The hospital trust has defended its actions
|
A mother is planning legal action against a hospital where her 16-year- old son died after waiting two days for emergency treatment.
Kate Nicholls, from Nailsea near Bristol, claims Frenchay Hospital staff made her son Lee wait because it was a bank holiday weekend.
She said had he been given an angiogram sooner he would have lived.
The hospital admitted the procedure was not available at weekends, but said doctors made decisions about treatment.
"I'm taking legal action because I want someone to hold their hand up and say they were wrong," said Ms Nicholls.
Brain haemorrhage
The teenager died on 29 March 2005 at the hospital near Bristol after suffering a brain haemorrhage.

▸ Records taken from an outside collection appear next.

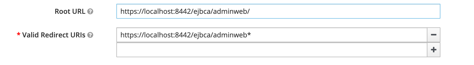 - Set Valid Redirect URIs to https://localhost:8442/ejbca/adminweb*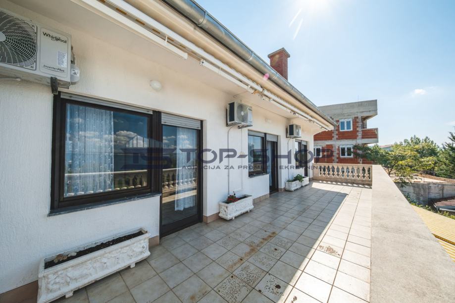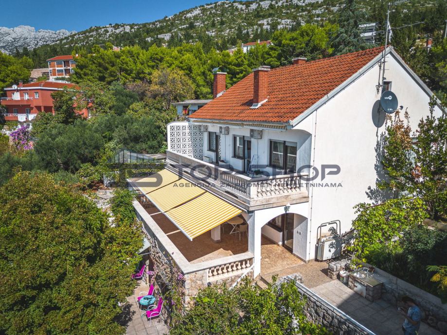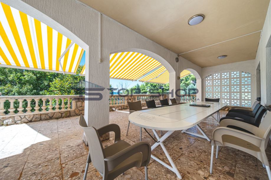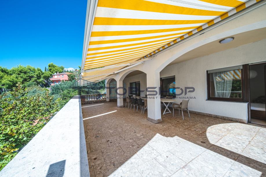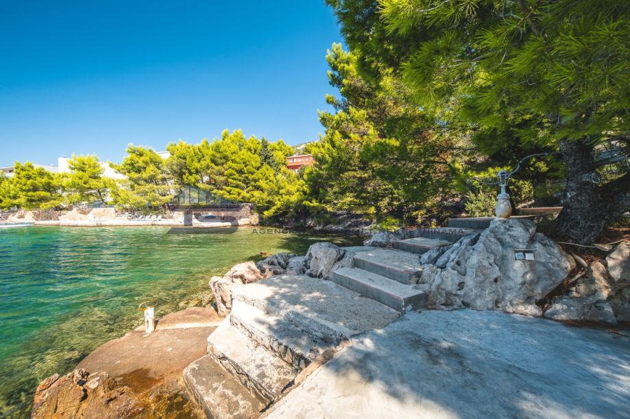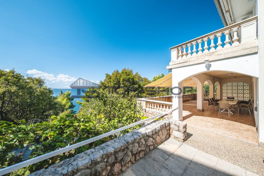 Kuća ima predivnu okućnicu te tri velike terase s panoramskim pogledom na more, roštilj, dvije garaže i vlastiti prilaz moru ( svega 40-ak metara od mora ).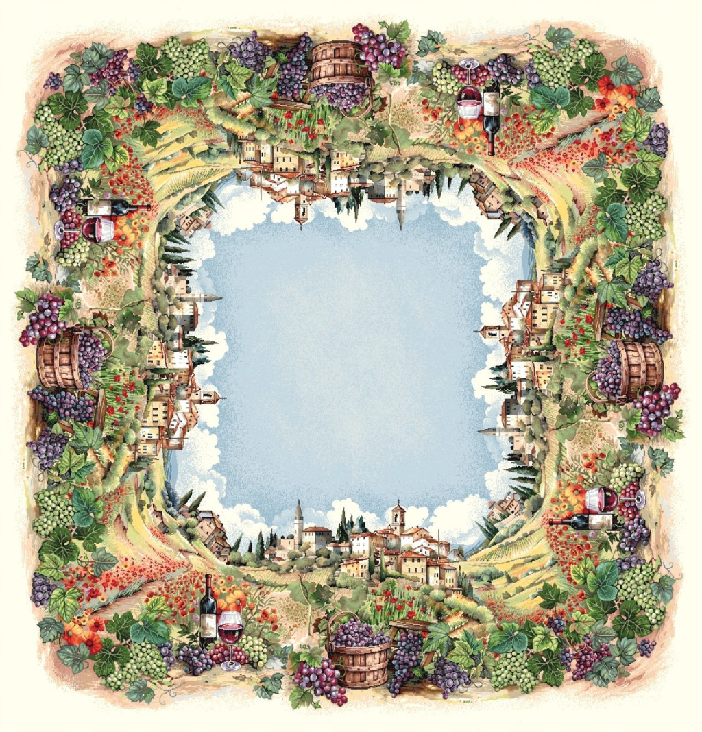 Lenyűgöző Toszkána dizájn – Színes szőlőfürtök, borospalackok és dombos táj elevenedik meg rajta.

He had been rushed to the hospital's accident and emergency department on Saturday, 26 March, after collapsing at his home.
The following day, doctors confirmed he had suffered a brain haemorrhage, but told his mother that he could not have an angiogram until the Tuesday - the first day after the Easter Bank Holiday weekend.

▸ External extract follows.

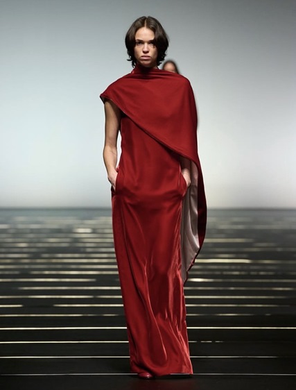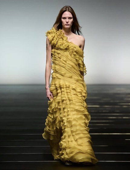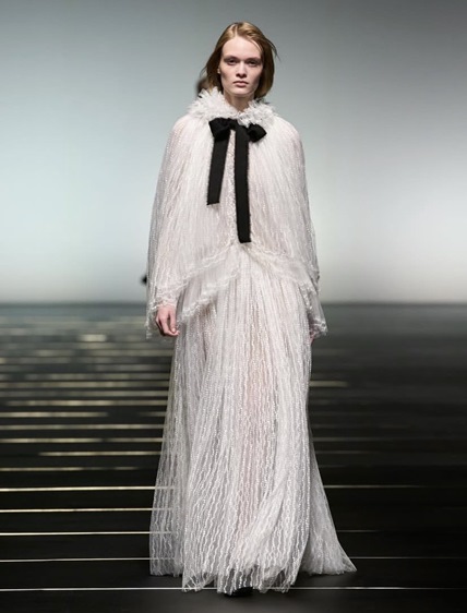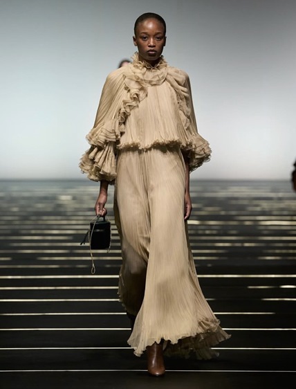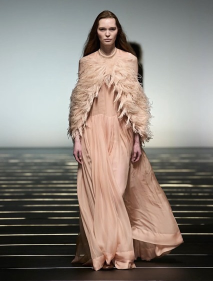 على مستوى التصميم، حملت المجموعة توقيع "الرومانسيين التقدميين" الذي أرساه سيرافيني منذ ظهوره الأول مع الدار. في فساتين السهرة، بدت الشيفونيات المتطايرة وكأنها تتحرك مع الهواء أكثر مما تمشي على المنصة، مع لمسات مدروسة من ريش النعام، والتطريزات المخرّزة، والأسطح اللامعة التي أضافت بُعداً زخرفياً ناعماً دون أن تخلّ بالتوازن العام. إلا أن القطع الأبرز كانت الفساتين الكاب المخملية، بخطوطها النقية وألوانها العميقة مثل الياقوتي والباذنجاني، والتي عكست فخامة صامتة منسجمة مع ذائقة المرأة في المنطقة.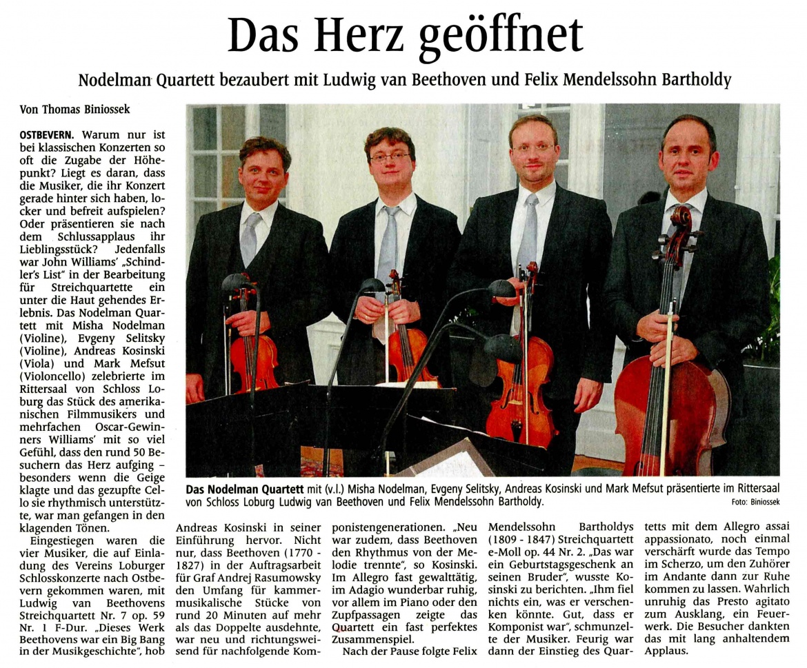 Nodelmann Quartett bezaubert mit Ludwig van Beethoven und Felix Mendelsohn Bartholdy

He fell into a coma on the morning of the procedure and died later that day.
Mrs Nicholls, a mother-of-eight, was shocked to discover that the procedure was not available at weekends and wrote to the hospital trust.

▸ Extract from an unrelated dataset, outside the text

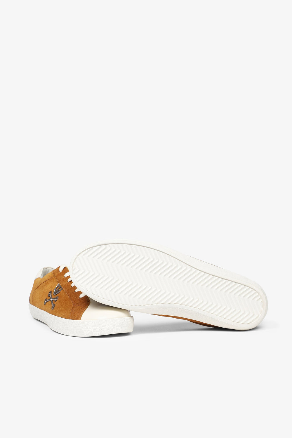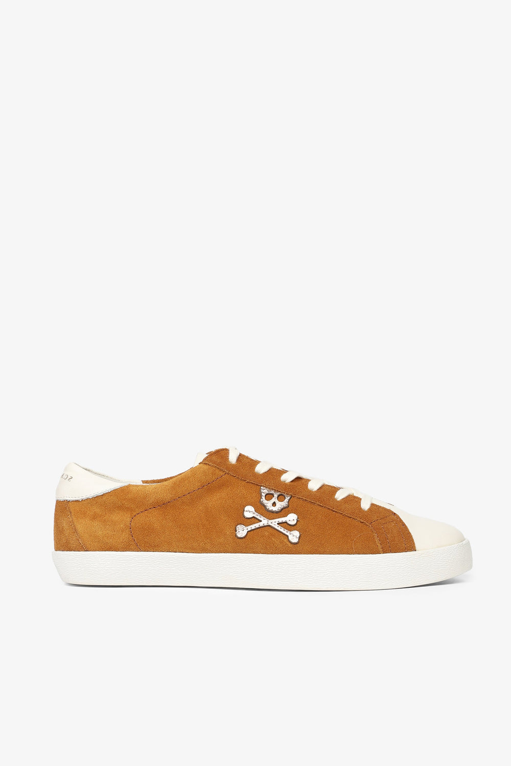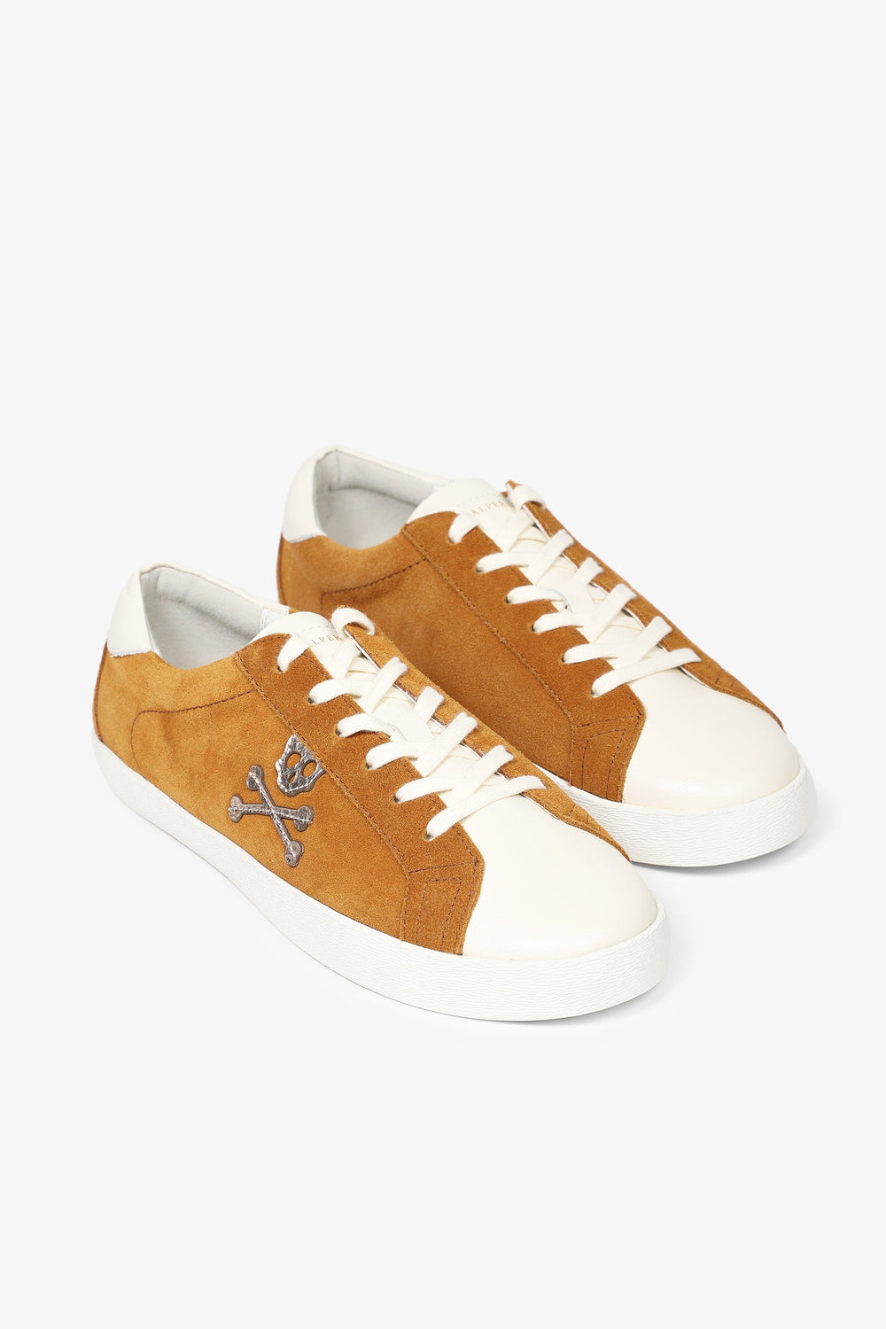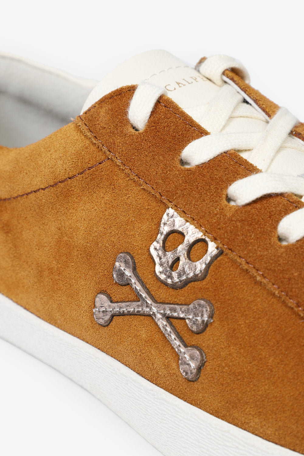 Low top 100% leather sneakers with suede finish. Lace-up fastening, rubber sole and side skull logo detail.

In a written reply, chief executive of the trust, Sonia Mills, said: "The unit in Frenchay does not perform emergency angiography and aneurysm treatment at the weekend."
Mrs Nicholls has now started legal action against the trust, claiming negligence.
"It is disgusting. My son died because it was a weekend. I feel completely let down by the hospital and the government," she said."
A spokesman for the North Bristol NHS Trust said: "Timings of all operations and procedures depend on the decision of the clinician in charge of the patient.
"In this case the senior consultant in charge of the patient concluded that there was no operative procedure that should be undertaken that weekend that would be of benefit."